Gold (XAU/USD) is experiencing a mild pullback during the European session after reaching a two-month high of $3,452.72 in the Asian session on Monday.
Geopolitical tensions, especially the conflict between Israel and Iran, have contributed to supporting Gold prices. However, after peaking, XAU/USD pulled back, trading above $3,400 at the time of writing.
The main drivers of Gold prices so far have been their safe-haven appeal, movements in US 10-year Treasury yields, and profit-taking at higher levels.
Tensions between Israel and Iran have escalated over the weekend and are entering the fourth day of fighting with no signs of easing. The international community, including the United Nations (UN), Saudi Arabia, and the US, has called for calm and urged de-escalation.
Gold prices are edging lower, trading near $3,415 at the time of writing on Monday. However, the 4-hour chart shows that losses have been limited. After reaching a peak of $3,452 earlier in the day, a combination of profit-taking and technical support has limited the XAU/USD range.
The immediate upside hurdle emerges at around $3,439, which marked the monthly high in May. The next level of resistance for the short-term move sits at $3,446, which came into play on Friday, and the daily high at $3,452. A break of this level could result in a retest of the $3,500 record high set in April.
On the downside, initial support lies at the psychological level of $3,400, which aligns with the 20-period Simple Moving Average (SMA) on the 4-hour chart. The 23.6% Fibonacci retracement of the April move sits at $3,372.

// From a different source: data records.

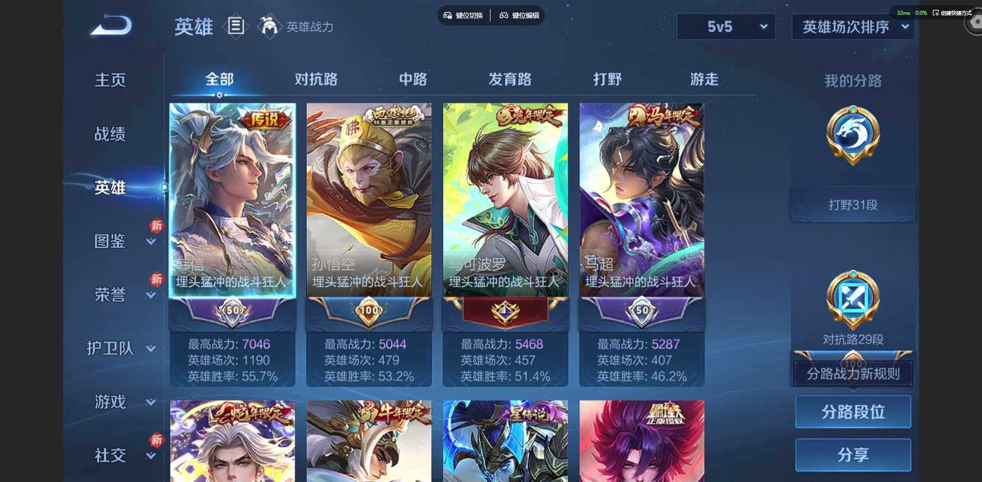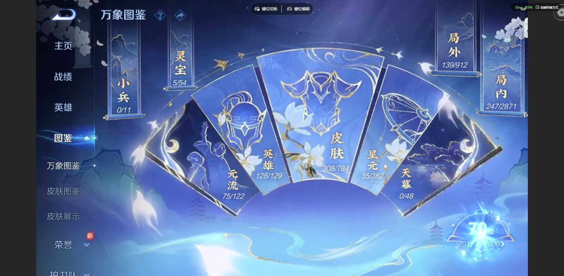 贵族等级: V8 英雄数: 128 皮肤数: 308 荣耀水晶: 鸣剑·曳影
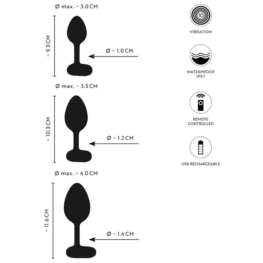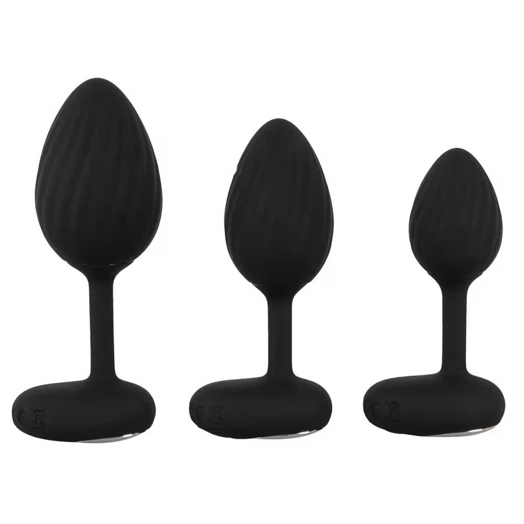 Set-ul contine 3 dopuri vibratoare de dimensiuni diferite, care ofera placere si confort maxim. Vibratiile puternice si intense sporesc placerea anala si pot fi usor controlate prin intermediul telecomenzii. Telecomanda are o raza de actiune de 5 metri, ceea ce inseamnă că poate fi controlata si de un partener.
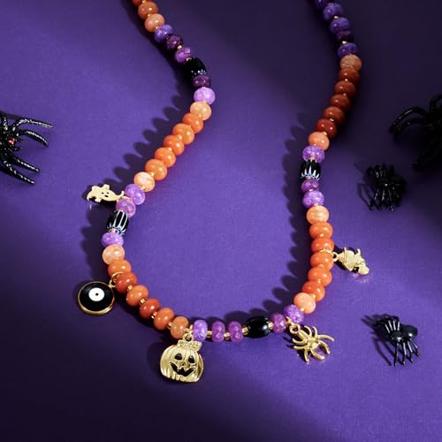 KissYan Halloween Beaded Charm Necklace, Natural Gemstone Choker with 14K Gold Plated Pumpkin Witch Pendant Party Costume Dress Up Jewelry for Women 7
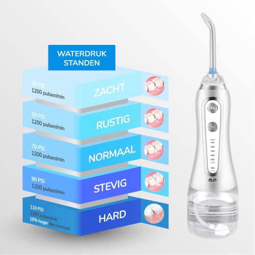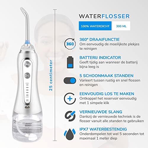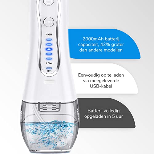 Last van tandplak of zwak tandvlees? Deze elektrische waterflosser houdt je gebit voortaan sterk en gezond. De 5 verschillende waterdruk standen met 1200 pulsen per minuut verwijderen 99,99% van alle voedselresten en tandplak. De ingebouwde 2000mAh batterij is op te laden via een stopcontact of USB-poort en gaat op een volle accu tot wel 20 dagen mee. Kies voor een gezond gebit en ervaar zelf het verschil! Een gezonder gebit 52% van de Nederlanders heeft recentelijk last gehad van een slechte adem, tandplak of gevoelige tanden. Alleen tandenpoetsen is vaak niet voldoende! Deze elektrische waterflosser gebruikt hogedruk pulserende waterstralen die de bloedsomloop in het tandvlees stimuleren en zorgen voor een gezonder en sterker gebit. IPX7: Veilig voor onder de douche De elektrische waterflosser heeft een IPX7 waterproof rating. Dat houdt in dat de waterflosser probleemloos ondergedompeld kan worden in een bak water van max. 1 meter diep. Je kunt de waterflosser dus veilig onder de douche of in bad gebruiken! Opladen via USB of stopcontact De krachtige 2000 mAh lithium batterij in de waterflosser gaat op een volle accu tot wel 20 dagen mee. De accu is volledig opgeladen binnen 5 uur. Je kunt de waterflosser opladen via het stopcontact, maar wanneer je onderweg bent of op reis kun je ook gebruik maken van een USB-poort.
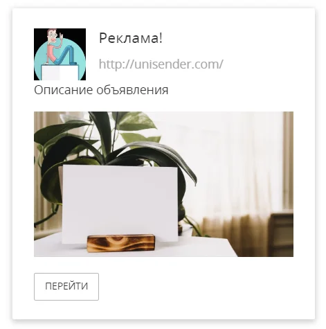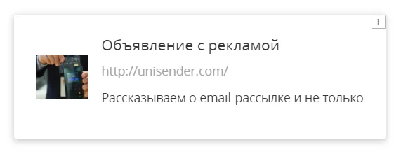 По сути, это обычное объявление с изображением, текстом и ссылкой. Оно автоматически оптимизируется под площадку, на которой его показывает рекламодатель.
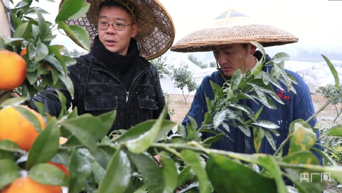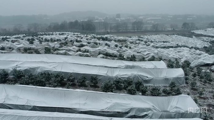 12月27日,在祁东县过水坪镇福炎村瑞旺沃柑基地,一株株沃柑树挂满了红彤彤的果实,丰收在望。镇村干部、农技专家与果农们一边就地商讨对策,一边冒着风雪紧急为沃柑果树覆盖薄膜,不断地铲除防寒膜上面的积雪,最大限度地减少天气对农业生产的影响。

Gold (XAU/USD) 4-hour chart
Beyond that level, the 50-period SMA at $3,363 provides another layer of defense, with deeper support levels at the 38.2% Fibonacci retracement level, located near $3,292.
Meanwhile, the Relative Strength Index (RSI) indicator on the 4-hour chart is at 59 and is stabilising after falling below overbought conditions, suggesting that the bullish bias remains intact, albeit with a slight easing of momentum.
Gold has played a key role in human’s history as it has been widely used as a store of value and medium of exchange. Currently, apart from its shine and usage for jewelry, the precious metal is widely seen as a safe-haven asset, meaning that it is considered a good investment during turbulent times. Gold is also widely seen as a hedge against inflation and against depreciating currencies as it doesn’t rely on any specific issuer or government.
Central banks are the biggest Gold holders. In their aim to support their currencies in turbulent times, central banks tend to diversify their reserves and buy Gold to improve the perceived strength of the economy and the currency. High Gold reserves can be a source of trust for a country’s solvency. Central banks added 1,136 tonnes of Gold worth around $70 billion to their reserves in 2022, according to data from the World Gold Council. This is the highest yearly purchase since records began. Central banks from emerging economies such as China, India and Turkey are quickly increasing their Gold reserves.
Gold has an inverse correlation with the US Dollar and US Treasuries, which are both major reserve and safe-haven assets. When the Dollar depreciates, Gold tends to rise, enabling investors and central banks to diversify their assets in turbulent times. Gold is also inversely correlated with risk assets. A rally in the stock market tends to weaken Gold price, while sell-offs in riskier markets tend to favor the precious metal.
The price can move due to a wide range of factors. Geopolitical instability or fears of a deep recession can quickly make Gold price escalate due to its safe-haven status. As a yield-less asset, Gold tends to rise with lower interest rates, while higher cost of money usually weighs down on the yellow metal. Still, most moves depend on how the US Dollar (USD) behaves as the asset is priced in dollars (XAU/USD). A strong Dollar tends to keep the price of Gold controlled, whereas a weaker Dollar is likely to push Gold prices up.